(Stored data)
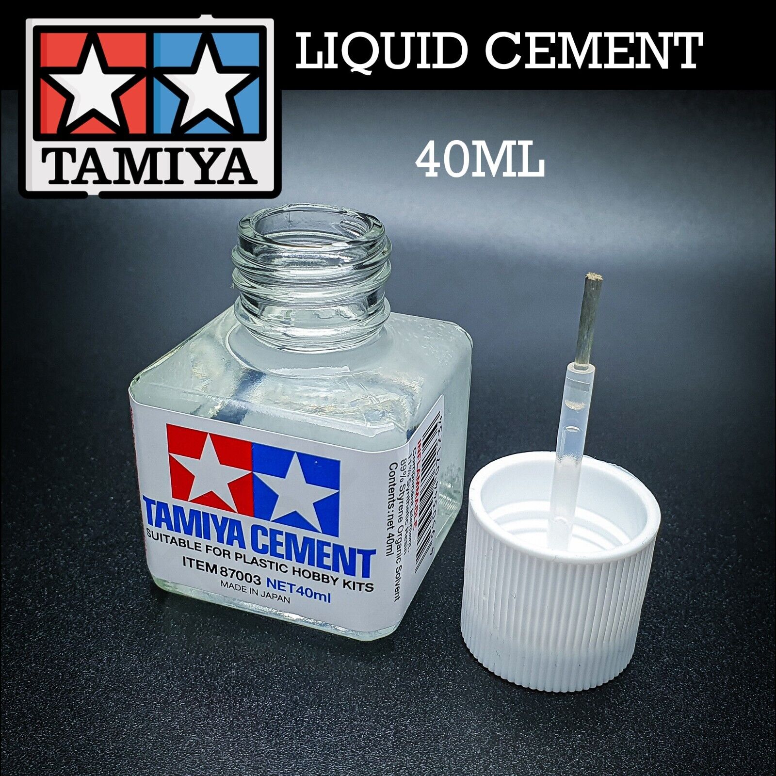 Tamiya LIQUID CEMENT 40ml Plastic Styrene Weld Applicator Brush in Cap 87003
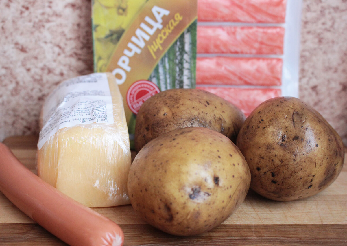 Любите картошечку? А с вкусными наполнителями? Есть такое известное заведение "Крошка картошка", и те кто там был, не забудут вкус сытной, картошки, сделанной с оригинальной подачей. Суть такой картошечки - это запекание в целом виде, а потом наполнение топпингом. Если вам понравится рецепт, то ставьте лайк и подписывайтесь на мой канал. Если не хотите потерять рецепт, то делитесь им в своих социальных сетях. Такую крошку картошку в домашних условиях легко приготовить, основное время от готовки идет на запекание картофеля в духовке, но вы при этом можете заниматься любыми другими делами. Итак, приступим. Ингредиенты Помытый сырой картофель в кожуре (Клубни лучше брать средние или большие, количество на ваше усмотрение, я брала 12); Крабовые палочки (у меня ушло пол пачки); Тертый сыр, 100 грамм; Вареная сосиска; Горчица две столовые ложка; Немного сливочного масла; Соль по вкусу. Приготовление 1. Каждый картофель оборачиваем фольгой. Укладываем на противень и отправляем в разогре
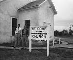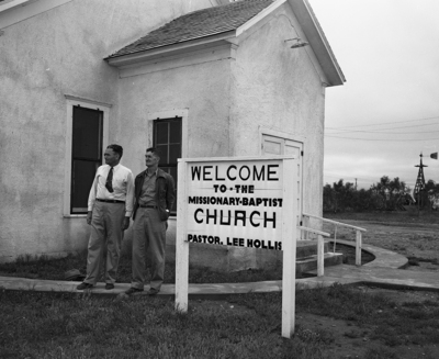 Reverend Lee Hollis, left, and Millard Smith, retired Baptist minister and currently a grocer, look over a vacant lot next door to their church in Girard. It is where they'll build a new church if their dreams of oil riches come true. Published in Fort Worth Star-Telegram morning edition June 4, 1950.
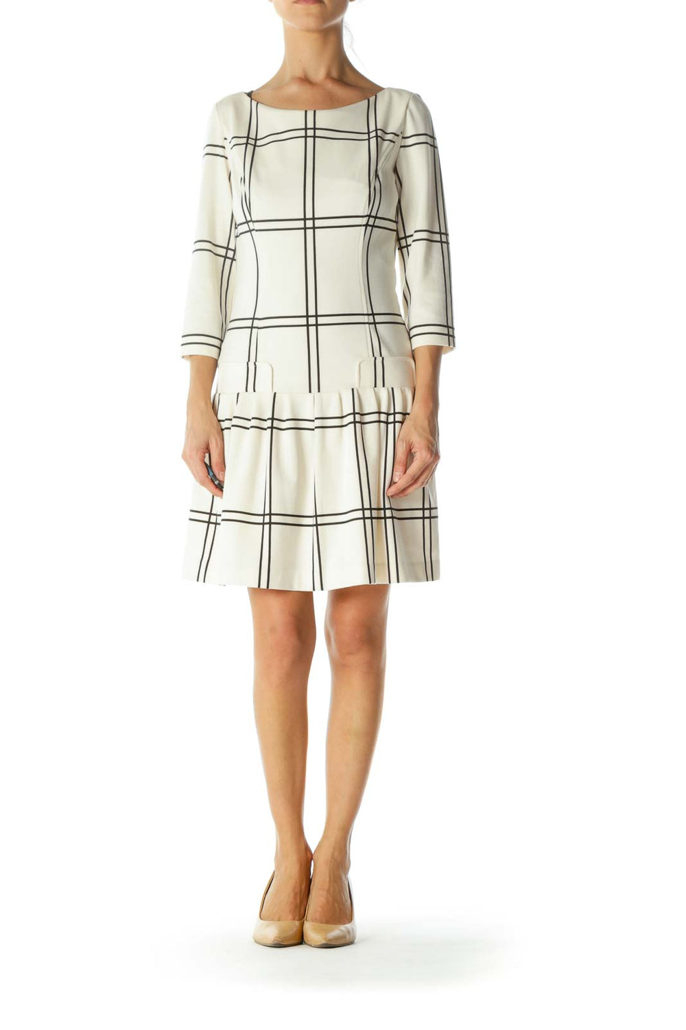 Black Cream Plaid Pleated-Skirt Long Sleeve Stretch Dress
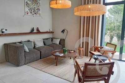 Venez passer un séjour cosy dans cette belle maison fonctionnelle et lumineuse toute proche du centre village d'Eygalières. Au rez-de-chaussée elle comprend un salon avec cheminée et téléviseur ouvrant sur le jardin, une cuisine / salle à manger pour 8 convives ouvrant sur la terrasse couverte, une première chambre avec sa salle de douche. A l'étage se trouvent deux autres chambres avec salles de douches. Toute la maison est climatisée, téléviseur dans chaque chambre, Wifi. Sur la terrasse couverte vous pourrez vous relaxer dans le coin salon d'été, ou prendre les repas préparés à la plancha. Jardinet avec pelouse et joliment fleuri, piscine 7 x 3 m, chaises longues. Capacité 6 personnes. Prix à la semaine selon saison. Honoraires d'agence à la charge du locataire inclus. Réf. L02044
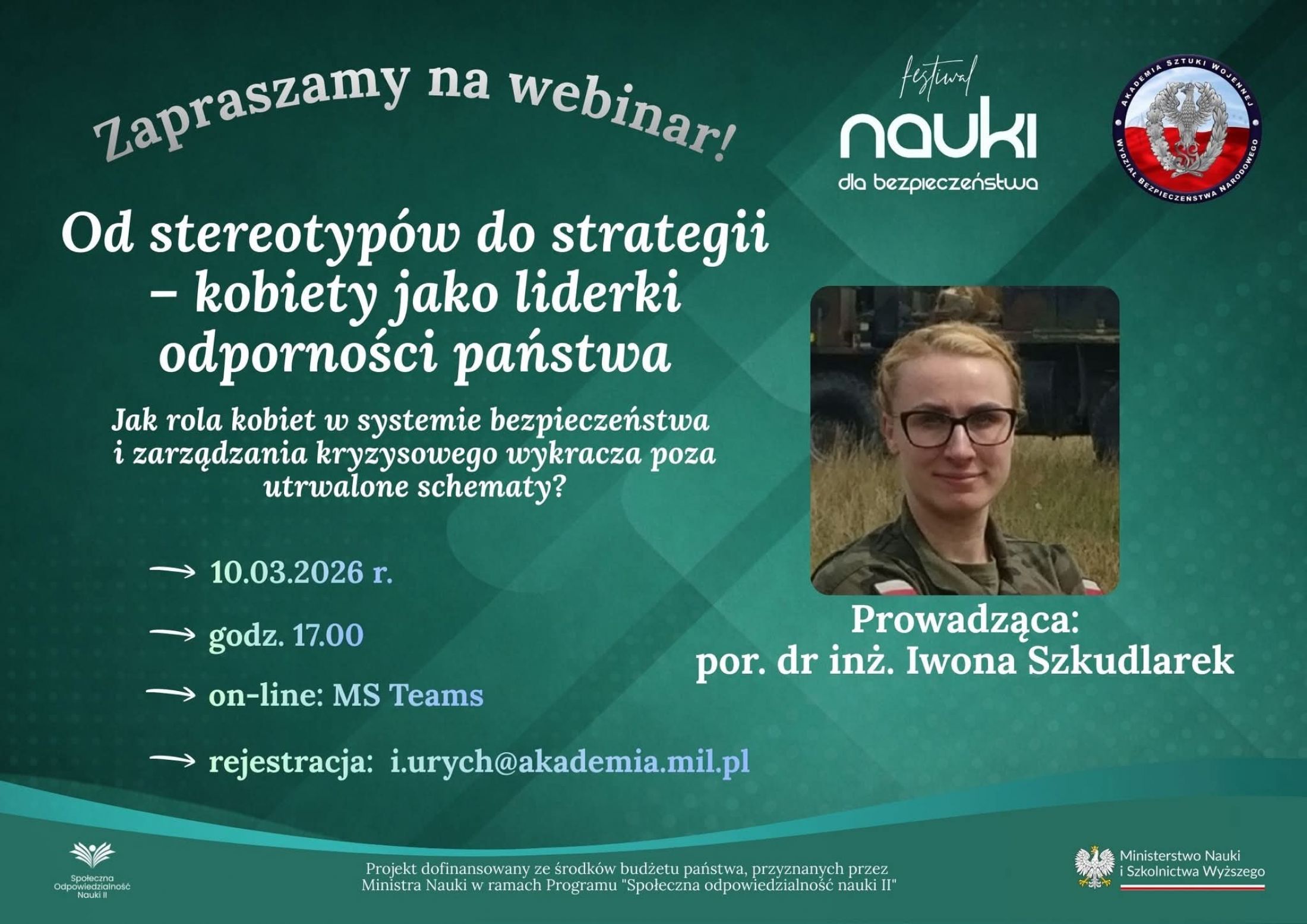 Już 10 marca 2026 r. o godz. 17.00 odbędzie się otwarty webinar pt. „Od stereotypów do strategii – kobiety jako liderki odporności państwa”, realizowany w ramach Festiwalu Nauki dla Bezpieczeństwa. Wydarzenie odbędzie się w formule online na platformie MS Teams.
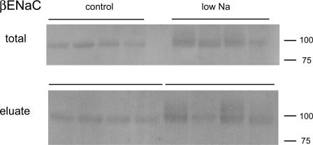 Figure 9. Effect of low-Na diet on βENaC expression in total membranes and in biotin-neutravidin eluates. Each lane was loaded with 75 μg total membrane protein or 25 μl eluate. The expression of the major 90-kD peptide was consistently increased by Na depletion. The staining of more slowly migrating protein, presumably corresponding to glycosylated peptides, was also enhanced.
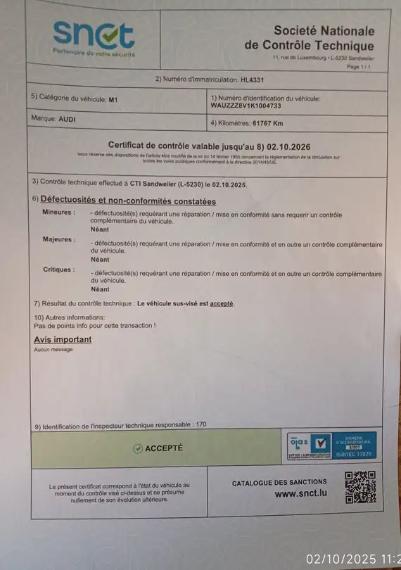 Perfect CT / TUV in October.
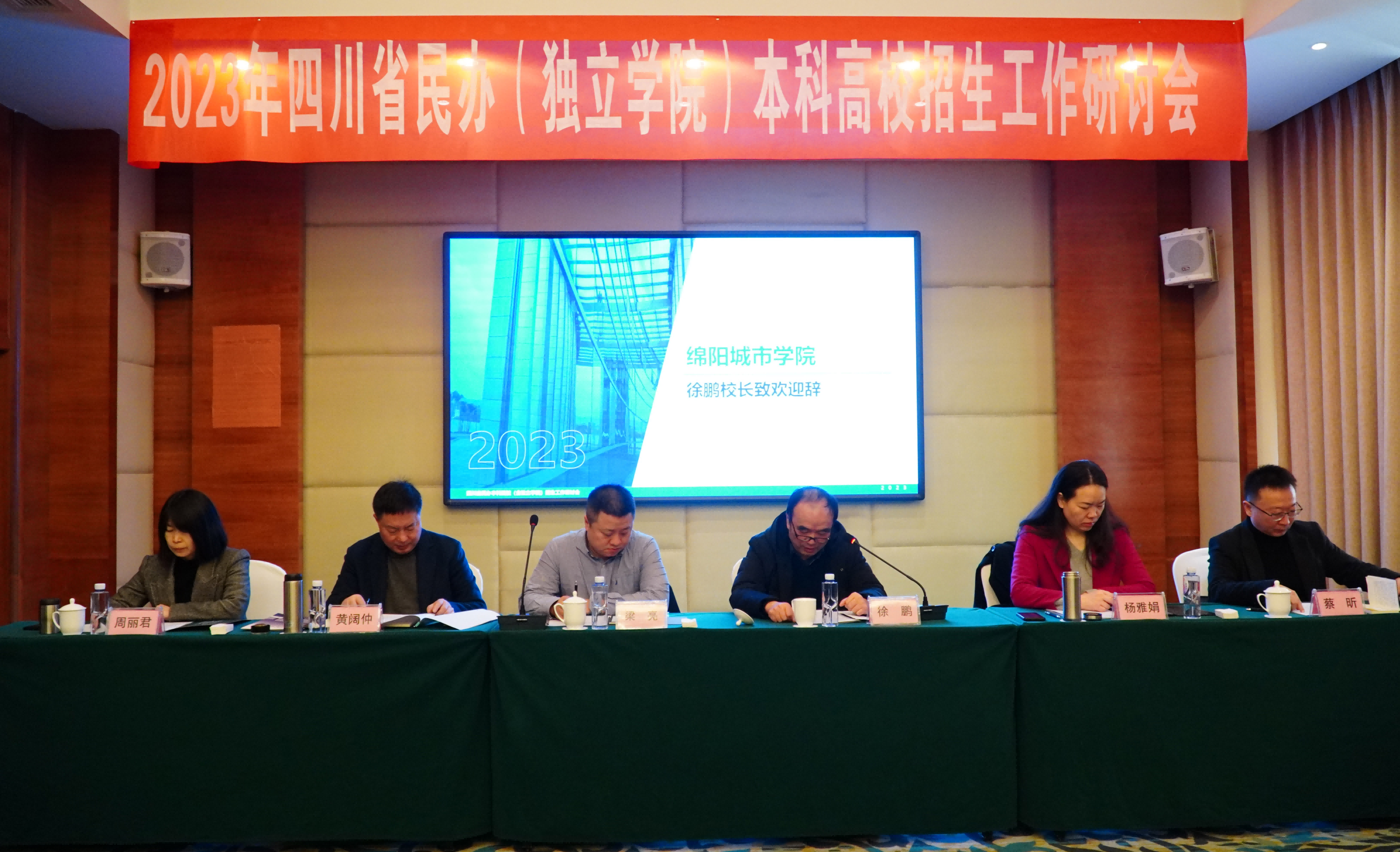 2月25日,由绵阳城市学院承办的2023年四川省民办(独立学院)本科高校招生工作研讨会议在安州区罗浮山绵州酒店召开。四川省教育厅高校学生处副处长梁亮,四川省教育考试院考试指导中心副主任杨雅娟,绵阳市委教育工委委员、市教育考试院院长黄阔仲和全省18所民办高校代表共50余人参加会议。大会由四川大学锦江学院招就处处长蔡昕主持。西南科技大学、绵阳师范学院、绵阳职业技术学院等在绵公立高校招生部门主要领导应邀参加会议。
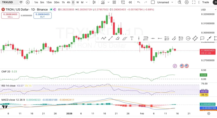 The announcement comes at a time when $TRX has been showing signs of stability and positive momentum. While the price of $TRX recently fluctuated between $0.2795 and $0.2829, with a slight decline of 0.66%, technical indicators suggest that $TRX might be poised for a potential breakout. As the market continues to analyze the coin‘s price movement, Tron Inc.’s strategy of increasing its $TRX holdings has created a sense of optimism around its future performance.
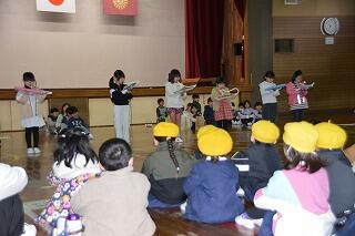 今日は、令和8年度入学児童の体験入学会がありました。会では、現1年生が、学校の学習や生活また、行事等について発表しました。大きな声でわかりやすく伝えることができました。その後、じゃんけん列車をして、現1年生と次年度の入学児童との交流を行いました。みんな楽しそうでした。新1年生の皆さん!入学お楽しみに!1年生の皆さんしっかり1年間で成長しましたね!1年生のお兄さんお姉さんらしく頑張ることができましたね!素敵でした!
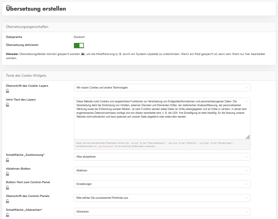 If you want to protect specially entered texts from modification (e.g. caused by a system-update), you can activate the lock-symbol. Protected texts are not overwritten during updates.
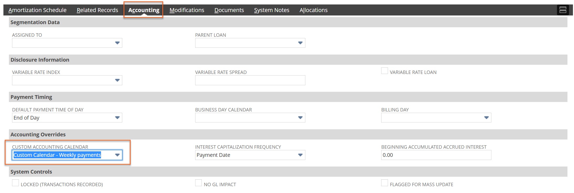 - Alternatively, custom calendars can be added directly to a loan record. To do so, the loan record will need to be in the "Pending" status. Navigate to the loan record you wish to edit and select the calendar you created in the Custom Accounting Calendar field on the Accounting Subtab.

- [Assignment] Print only the lines from the first line of the data above through the one containing "Black Cream Plaid", exactly as they are, with pictures omitted.

- [Solution to the exercise]
 Tamiya LIQUID CEMENT 40ml Plastic Styrene Weld Applicator Brush in Cap 87003
 Любите картошечку? А с вкусными наполнителями? Есть такое известное заведение "Крошка картошка", и те кто там был, не забудут вкус сытной, картошки, сделанной с оригинальной подачей. Суть такой картошечки - это запекание в целом виде, а потом наполнение топпингом. Если вам понравится рецепт, то ставьте лайк и подписывайтесь на мой канал. Если не хотите потерять рецепт, то делитесь им в своих социальных сетях. Такую крошку картошку в домашних условиях легко приготовить, основное время от готовки идет на запекание картофеля в духовке, но вы при этом можете заниматься любыми другими делами. Итак, приступим. Ингредиенты Помытый сырой картофель в кожуре (Клубни лучше брать средние или большие, количество на ваше усмотрение, я брала 12); Крабовые палочки (у меня ушло пол пачки); Тертый сыр, 100 грамм; Вареная сосиска; Горчица две столовые ложка; Немного сливочного масла; Соль по вкусу. Приготовление 1. Каждый картофель оборачиваем фольгой. Укладываем на противень и отправляем в разогре
 Reverend Lee Hollis, left, and Millard Smith, retired Baptist minister and currently a grocer, look over a vacant lot next door to their church in Girard. It is where they'll build a new church if their dreams of oil riches come true. Published in Fort Worth Star-Telegram morning edition June 4, 1950.
 Black Cream Plaid Pleated-Skirt Long Sleeve Stretch Dress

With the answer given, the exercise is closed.